*INSTRUCTIONS TO FOLLOW*: Transcribe the data exactly, omitting whatever pictures it holds.

===== DATASET SECTION =====

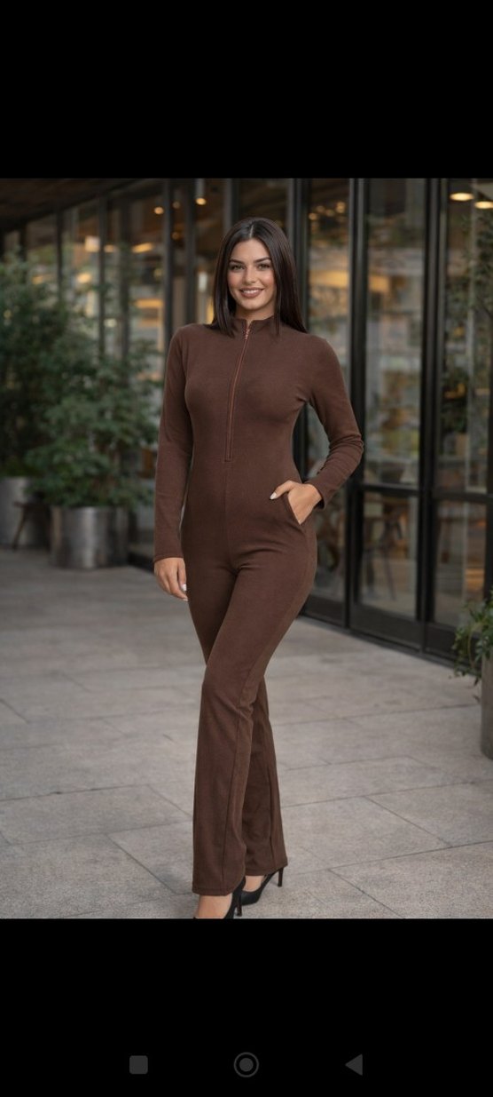 Kahverengi tulum, yüksek yaka ve uzun kollu, rahat ve şık sokak stili sunar. Normal kesim ve uzun boylu, günlük kullanım için uygun.cepsiz modeli
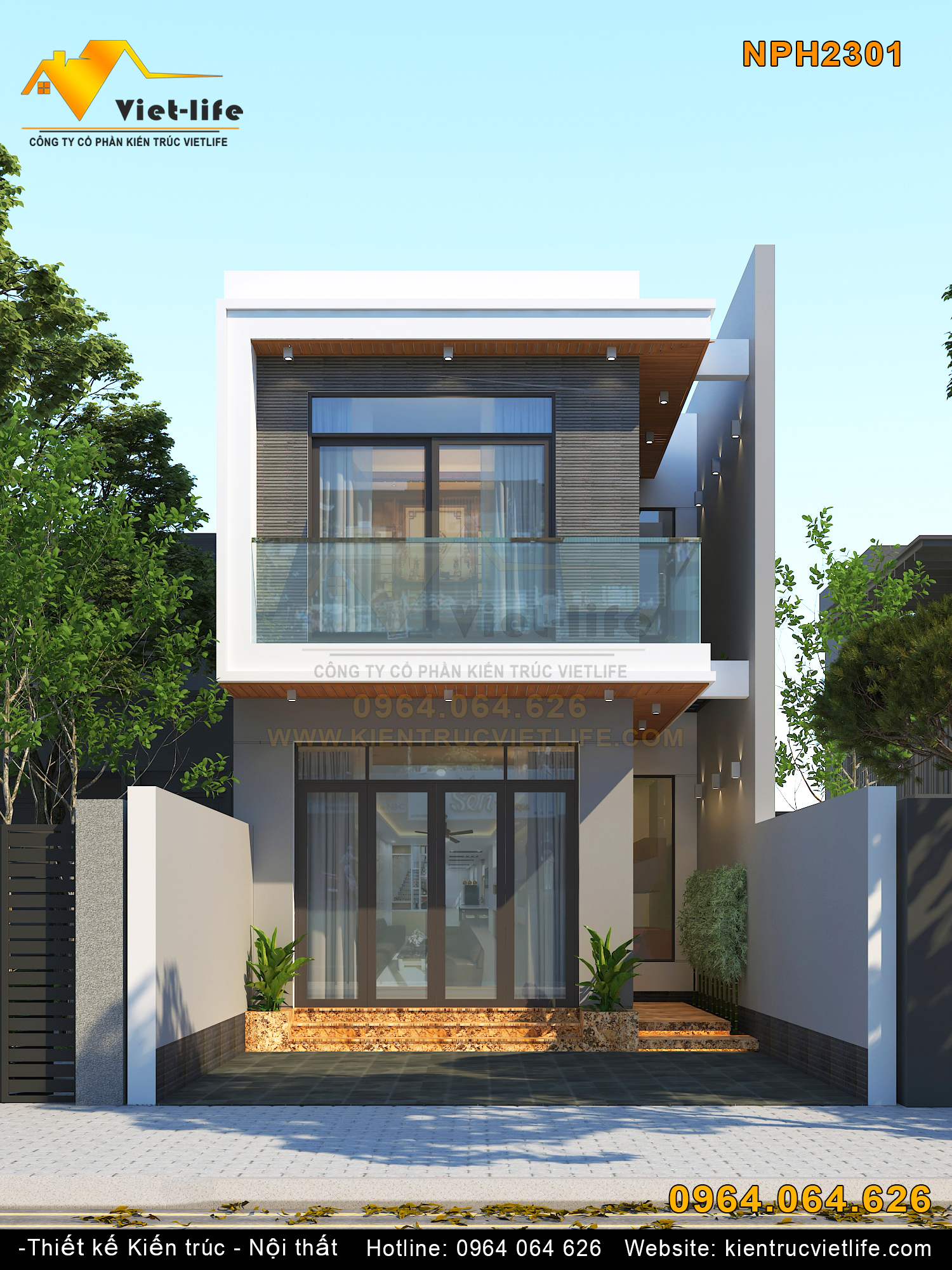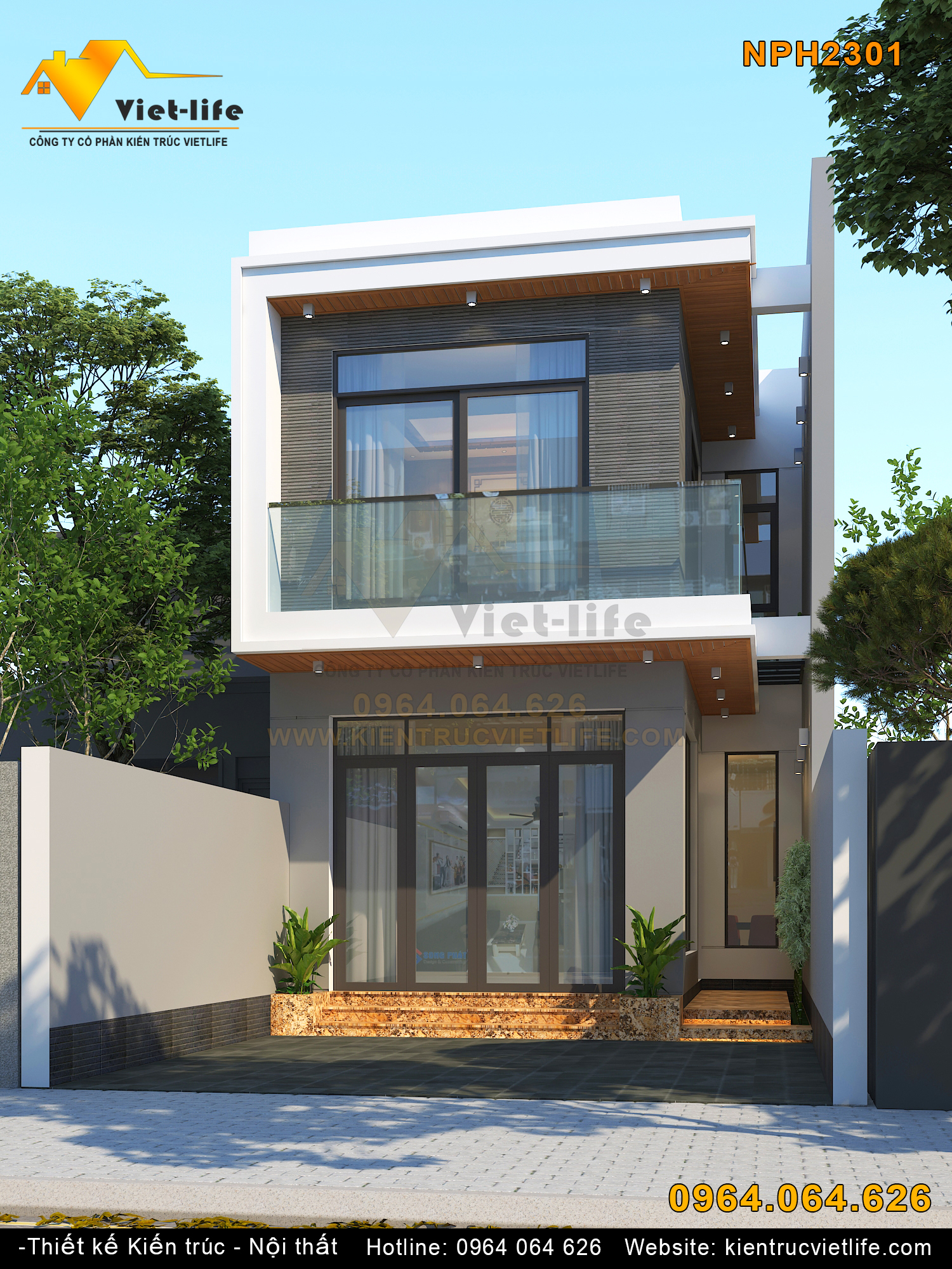 1. Phối cảnh thiết kế Kiến trúc nhà phố 2 tầng rộng 6m
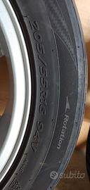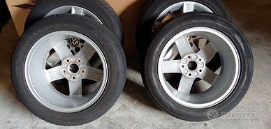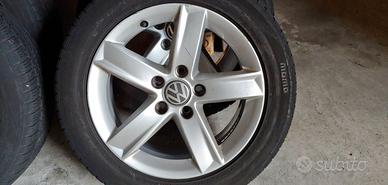 4 cerchi completi di pneumatici, per auto del gruppo Volkswagen quindi adatti anche per Audi, Skoda, Seat, Cupra, ecc.. misura: larghezza 7J , diametro 16 pollici , offset 42 , attacco 5 fori interasse 112mm. montano pneumatici Momo All Season Run M4 (M+S) misura 205/55 R16 94V due gomme sono buone, altre due sono consumate nella parte interna, sono comunque utilizzabili, i cerchi sono dritti e puliti ma hanno qualche segno, andavano bene e non vibravano , li vendo perché ho cambiato auto, erano montati su Golf 6.
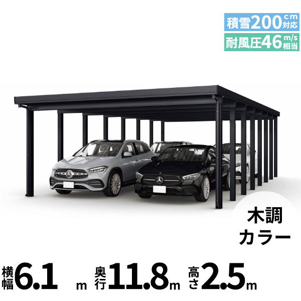 【商品のみ】カーポート 4台用 YKK YKKAP ジーポート Pro 6000タイプ 横材なし 明かり取りなし 奥行(2)連結柱16本 J60・60-60 H25(凍上柱) 木調色

=====

*RESPONSE AREA*:
 Kahverengi tulum, yüksek yaka ve uzun kollu, rahat ve şık sokak stili sunar. Normal kesim ve uzun boylu, günlük kullanım için uygun.cepsiz modeli
 1. Phối cảnh thiết kế Kiến trúc nhà phố 2 tầng rộng 6m
 4 cerchi completi di pneumatici, per auto del gruppo Volkswagen quindi adatti anche per Audi, Skoda, Seat, Cupra, ecc.. misura: larghezza 7J , diametro 16 pollici , offset 42 , attacco 5 fori interasse 112mm. montano pneumatici Momo All Season Run M4 (M+S) misura 205/55 R16 94V due gomme sono buone, altre due sono consumate nella parte interna, sono comunque utilizzabili, i cerchi sono dritti e puliti ma hanno qualche segno, andavano bene e non vibravano , li vendo perché ho cambiato auto, erano montati su Golf 6.
 【商品のみ】カーポート 4台用 YKK YKKAP ジーポート Pro 6000タイプ 横材なし 明かり取りなし 奥行(2)連結柱16本 J60・60-60 H25(凍上柱) 木調色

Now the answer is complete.